Data section |
+++
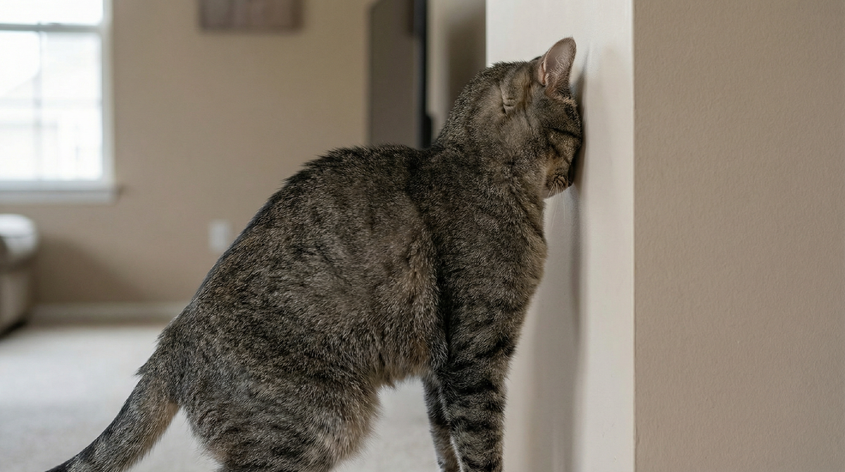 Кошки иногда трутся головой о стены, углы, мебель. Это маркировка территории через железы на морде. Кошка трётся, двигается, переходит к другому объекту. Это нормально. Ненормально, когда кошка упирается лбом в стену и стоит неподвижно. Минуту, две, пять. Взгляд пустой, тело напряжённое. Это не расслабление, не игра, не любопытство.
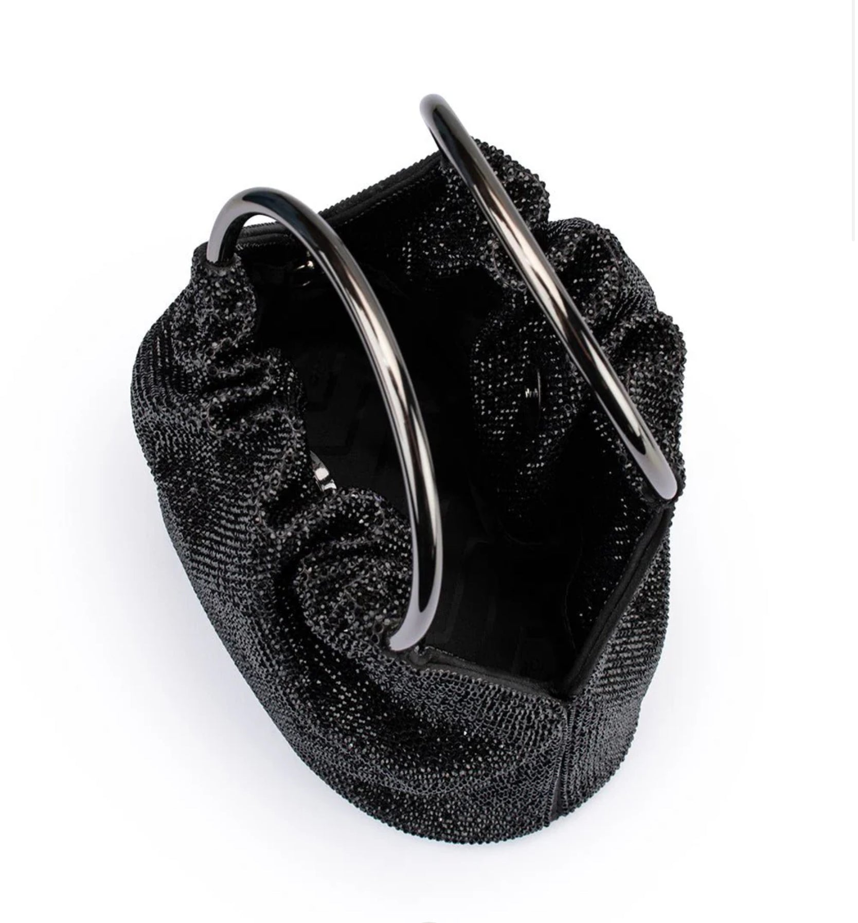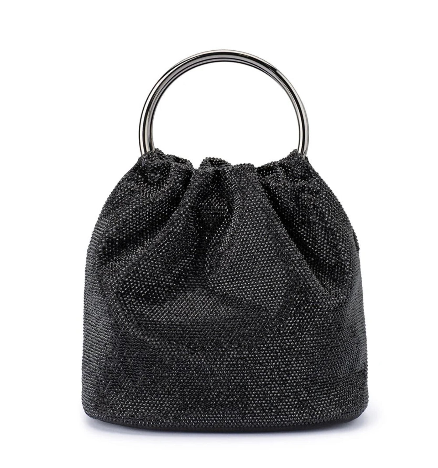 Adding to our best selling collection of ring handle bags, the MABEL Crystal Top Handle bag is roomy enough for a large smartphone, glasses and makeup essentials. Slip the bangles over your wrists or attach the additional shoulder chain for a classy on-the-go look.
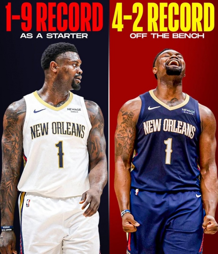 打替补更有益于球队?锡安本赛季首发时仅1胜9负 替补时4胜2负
+++
Directions for this task | Please transcribe the listing above verbatim and exclude every picture.

Your solution |
 Кошки иногда трутся головой о стены, углы, мебель. Это маркировка территории через железы на морде. Кошка трётся, двигается, переходит к другому объекту. Это нормально. Ненормально, когда кошка упирается лбом в стену и стоит неподвижно. Минуту, две, пять. Взгляд пустой, тело напряжённое. Это не расслабление, не игра, не любопытство.
 Adding to our best selling collection of ring handle bags, the MABEL Crystal Top Handle bag is roomy enough for a large smartphone, glasses and makeup essentials. Slip the bangles over your wrists or attach the additional shoulder chain for a classy on-the-go look.
 打替补更有益于球队?锡安本赛季首发时仅1胜9负 替补时4胜2负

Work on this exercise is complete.